Her book, “Death: The Coping Mechanism of the Health Professional,” is widely considered the definitive work on the needs of health care workers in coping with their job-related stress, and advanced-thinking when published in 1977. Harper identified specific stages of coping relevant to those in the health care field as they go through the end-of-life process with patients and clients. It earned her a Better Life Award from the American Health Care Association.
For more than 30 years, Harper was a Medicare and Medicaid advisor for the U.S. Department of Health and Human Services, and a major accomplishment was the addition of hospice benefits into Medicare coverage. In the 1990s Harper launched a hospice foundation in sub-Saharan Africa, particularly for AIDS patients. This became Global Partners in Care with nearly 100 hospices in 15 countries throughout Africa today.
Harper’s honors include induction into the National Academies of Sciences, Engineering and Medicine, the Knee/Wittman Outstanding Achievement Award from the National Association of Social Workers, and the Distinguished Service Award from the U.S. Department of Health and Human Services.

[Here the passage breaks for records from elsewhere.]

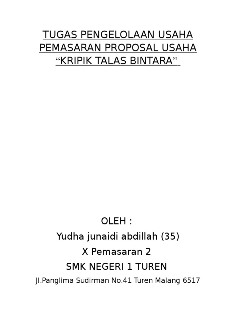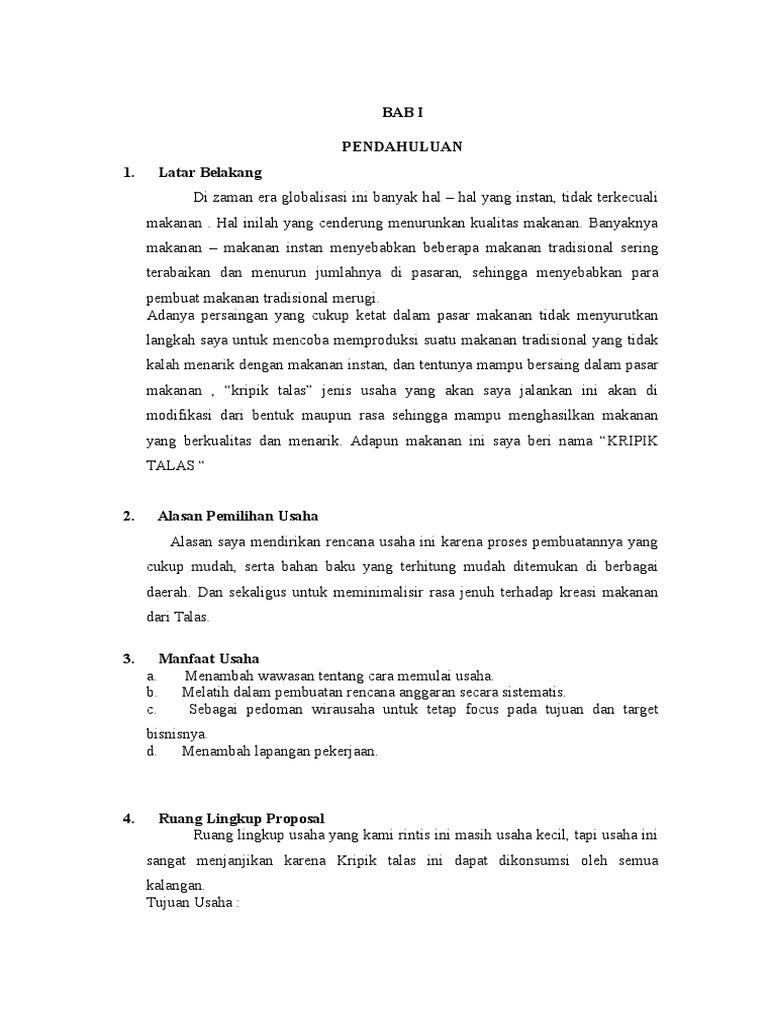 DOC) PROPOSAL RENCANA USAHA KERIPIK TALAS | Cahyo Kris - Academia.edu
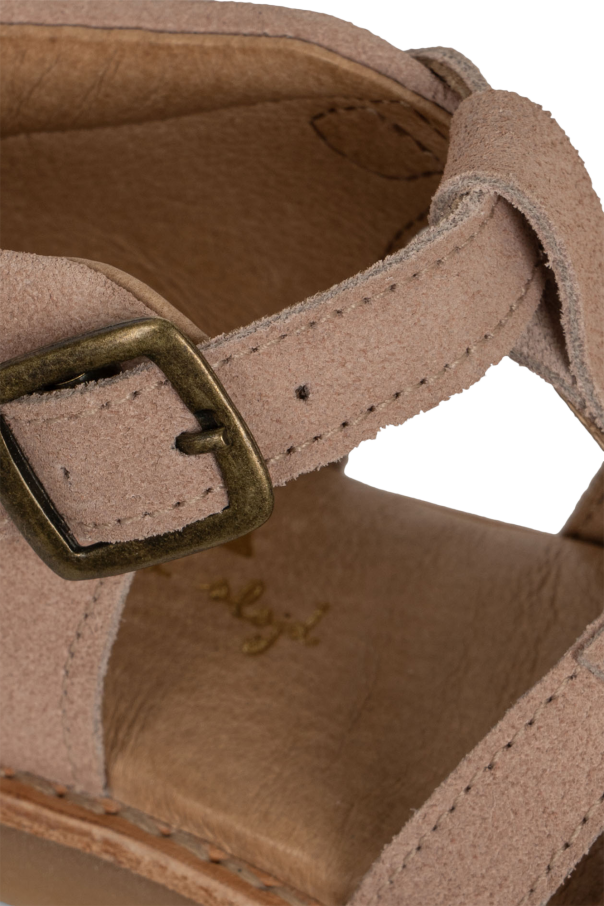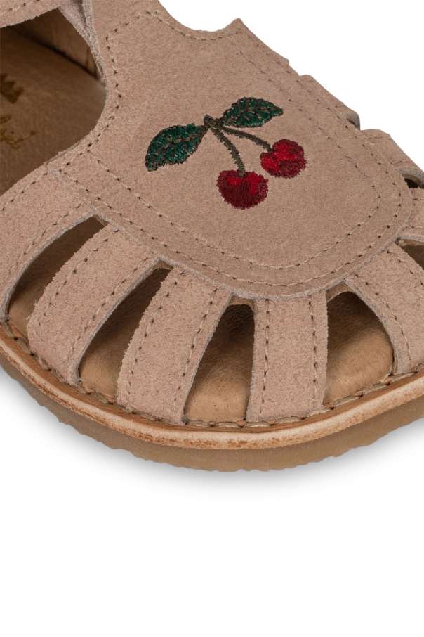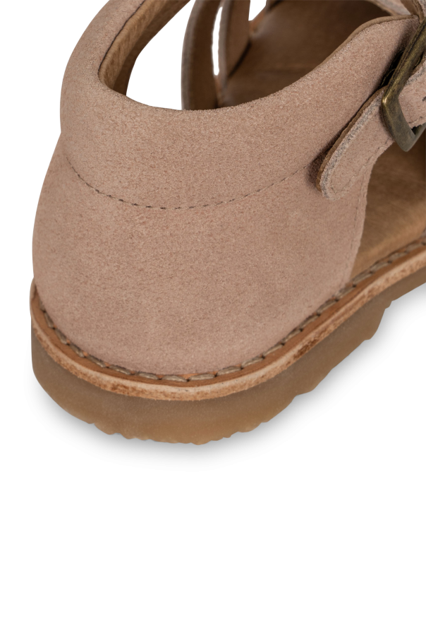 Introducing the 'Esmaa' Suede Shoes by Konges Sløjd, a testament to the harmonious blend of comfort and elegance tailored for the discerning younger clientele. These exquisite sandals, crafted from high-quality suede, exude a soft, sandy hue that evokes the timeless beauty of the natural world. The classic sandal silhouette is reimagined with multiple straps gracefully encasing the foot, leading to an antique gold buckle closure at the ankle that adds a touch of vintage charm. The flat sole, mimicking cork, complements the shoes' natural aesthetic, while the embroidered cherry motifs on the front and the subtle designer logo on the strap infuse them with a unique character. Every stitch speaks volumes of the meticulous craftsmanship that defines Konges Sløjd's commitment to quality. The interior and exterior layers of leather ensure durability and soft comfort, making these shoes not just stylish, but also a practical choice for children's delicate feet. Why Purchase the 'Esmaa' Suede Shoes? Exclusively designed by Konges Sløjd, embodying elegance and comfort. Crafted from premium suede for a luxurious feel and durability. Unique details such as embroidered cherry motifs and an antique gold buckle that add distinctiveness. Soft leather interior for unmatched comfort and soft rubber sole for flexibility during play. Artisanal attention to detail, showcasing handcrafted exclusivity.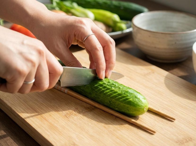 이후 오이를 뒤집어 같은 방식으로 반대 방향 칼집을 넣는다. 그러면 겉면에 교차 칼집이 생기며 자연스럽게 아코디언 모양이 완성된다. 마지막으로 먹기 좋은 길이로 썰면 된다.이 과정에서 많은 이들이 궁금해하는 부분은 오이가 끊어지지 않는 이유다. 나무젓가락이 물리적 받침 역할을 하면서 칼날 깊이를 일정하게 제한하기 때문에, 칼집은 촘촘히 들어가되 중심부는 연결된 상태로 유지된다. 칼을 힘으로 조절하는 대신 도구로 깊이를 제어하는 방식이다.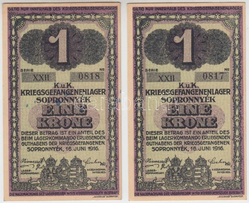 Leírás: Sopronnyék / hadifogolytábor 1916.06.16. 1K római sorozatszám és arab sorszámmal (2x) sorszámkövetők T:I-

Nancy A. Humphreys founded the Institute for the Advancement of Political Social Work Practice (IAPSWP) at the University of Connecticut School of Social Work. Her vision included two goals: increase the number of social workers who hold elected office, and explore ways for direct service workers to help clients increase their political power. Humphreys believed that social workers should seek elected political office and that political social work practice should be a legitimate specialization in the profession, accomplished through education and training programs, research and service. IAPSWP has trained hundreds of social workers to become involved in campaign politics.
As dean of the University of Connecticut School of Social Work, Humphreys directed the policy practice concentration, and taught courses on political social work practice, macro foundation practice, social environment and women’s issues. She also served as dean of the Michigan State University School of Social Work, and associate dean at Rutgers University School of Social Work.
Humphreys was appointed by President Jimmy Carter to his National Advisory Committee on Women’s Issues, where she co-authored the human service chapter of the committee’s final report, Voices for Women. In New Jersey, she was appointed by the chief justice of the State Supreme Court of as a public member of the court’s committee on professional legal ethics. In Michigan, she was appointed by the governor to a Blue Ribbon Committee on welfare reform and elected chair of the Michigan Department of Social Services Advisory Council.
She was only the second woman elected president of the National Association of Social Workers (NASW) from 1979 to 1981, and received the NASW Lifetime Achievement Award in 2003.